A stone cross over a small gate (constructed by Murtagh O'Dowd, local blacksmith), outside the old town gate, leads to the remains of a Franciscan friary of the Friars Minor. The Franciscan friary of the Friars Minor was not founded until the occupation of Jamestown in 1642 by the O'Rourke Clan. A synod held here in 1650 repudiated The 1st Marquess of Ormonde, the former Lord Lieutenant of Ireland, and excommunicated his followers. In 1713, an elderly Father Connor Reynolds "of Jamestown in the county of Leitrim" exiled in Spain since 1681, was captured hiding in a trunk on a fishing boat arriving at Dungarvan port and imprisoned at Waterford gaol. The surnames Butler and Clyne are particularly numerous in the Jamestown area.

The parliamentary borough returned two members to the Irish House of Commons on a very restricted franchise until the Act of Union with Britain in 1801. Among its parliamentary representatives were Sir Charles Coote (1634–1660), John Fitzgibbon (1776; he was later elevated to the peerage in 1789, eventually becoming Earl of Clare in 1795), and Richard Martin, "Humanity Dick".
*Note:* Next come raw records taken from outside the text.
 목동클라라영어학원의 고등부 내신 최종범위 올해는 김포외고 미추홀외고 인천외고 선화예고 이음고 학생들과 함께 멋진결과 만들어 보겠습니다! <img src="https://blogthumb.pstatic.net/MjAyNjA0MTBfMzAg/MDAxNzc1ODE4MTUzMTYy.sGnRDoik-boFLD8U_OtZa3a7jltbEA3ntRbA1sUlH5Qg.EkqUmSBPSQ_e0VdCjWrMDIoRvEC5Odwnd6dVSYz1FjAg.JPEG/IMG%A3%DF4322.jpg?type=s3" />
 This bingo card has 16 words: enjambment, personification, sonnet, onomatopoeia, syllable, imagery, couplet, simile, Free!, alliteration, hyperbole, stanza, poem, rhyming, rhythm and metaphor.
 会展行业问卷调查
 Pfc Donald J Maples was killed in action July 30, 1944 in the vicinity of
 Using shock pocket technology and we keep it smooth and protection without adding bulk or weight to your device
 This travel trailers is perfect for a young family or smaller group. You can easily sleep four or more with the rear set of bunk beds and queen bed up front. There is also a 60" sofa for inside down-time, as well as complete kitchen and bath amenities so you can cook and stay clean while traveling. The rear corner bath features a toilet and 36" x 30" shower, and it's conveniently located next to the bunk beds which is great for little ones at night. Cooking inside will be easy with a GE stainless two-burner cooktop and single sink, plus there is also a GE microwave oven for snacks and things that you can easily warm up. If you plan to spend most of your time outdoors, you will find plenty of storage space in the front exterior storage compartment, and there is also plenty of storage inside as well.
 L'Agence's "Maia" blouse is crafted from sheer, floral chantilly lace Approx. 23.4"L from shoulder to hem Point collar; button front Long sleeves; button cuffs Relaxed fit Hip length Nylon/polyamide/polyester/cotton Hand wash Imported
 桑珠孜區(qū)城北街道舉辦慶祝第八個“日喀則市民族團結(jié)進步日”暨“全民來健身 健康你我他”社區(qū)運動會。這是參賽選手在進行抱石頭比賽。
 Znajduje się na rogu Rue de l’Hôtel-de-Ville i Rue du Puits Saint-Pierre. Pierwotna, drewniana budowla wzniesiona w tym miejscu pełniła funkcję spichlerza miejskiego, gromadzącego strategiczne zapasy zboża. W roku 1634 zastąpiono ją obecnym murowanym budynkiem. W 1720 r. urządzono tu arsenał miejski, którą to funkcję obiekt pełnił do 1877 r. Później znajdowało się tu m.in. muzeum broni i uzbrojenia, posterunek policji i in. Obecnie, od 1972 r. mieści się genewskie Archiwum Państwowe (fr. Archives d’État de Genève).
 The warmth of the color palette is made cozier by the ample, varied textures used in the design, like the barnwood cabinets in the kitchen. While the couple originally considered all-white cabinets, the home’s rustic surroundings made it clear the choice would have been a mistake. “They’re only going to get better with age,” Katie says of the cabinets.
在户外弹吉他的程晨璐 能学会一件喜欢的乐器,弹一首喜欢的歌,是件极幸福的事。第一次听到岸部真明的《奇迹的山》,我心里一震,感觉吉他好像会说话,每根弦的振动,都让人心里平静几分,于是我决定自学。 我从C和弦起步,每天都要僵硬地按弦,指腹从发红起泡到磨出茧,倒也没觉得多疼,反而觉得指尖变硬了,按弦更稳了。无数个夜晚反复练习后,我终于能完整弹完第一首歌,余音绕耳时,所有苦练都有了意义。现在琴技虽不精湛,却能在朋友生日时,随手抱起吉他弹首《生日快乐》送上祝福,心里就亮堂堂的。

Throughout at least the nineteenth century and for much of the twentieth century, a number of annual fairs were held at Jamestown on 28 May, 8 July, 1 September, and 20 December. In 1925, Jamestown village comprised 15 houses, 4 being licensed to sell alcohol.

==River crossings==
Both Jamestown and Drumsna have long been important fording places across the Shannon. The present stone bridges were built during the 19th century as part of improvements to the Shannon navigation. The main Dublin – Sligo road ran across these until a bypass was completed in the late 1990s.

==Doon of Drumsna==
The Dún (Doon) of Drumsna, an Iron Age fortification built as a crossing point into Connacht, lies opposite the quay and runs across the Shannon peninsula between Jamestown and Drumsna. It was one of many linear earthworks built across the country around that time. The main rampart was massive with parts still standing up to 6 metres high and 30 metres across at the base. Additional banks were built on either side of the main rampart which extends for 1.6 kilometres. Two main entrances were built as pincer or Zangentor defensive works.

In addition to the main rampart, a secondary rampart extends upstream along the western river bank where shallows existed.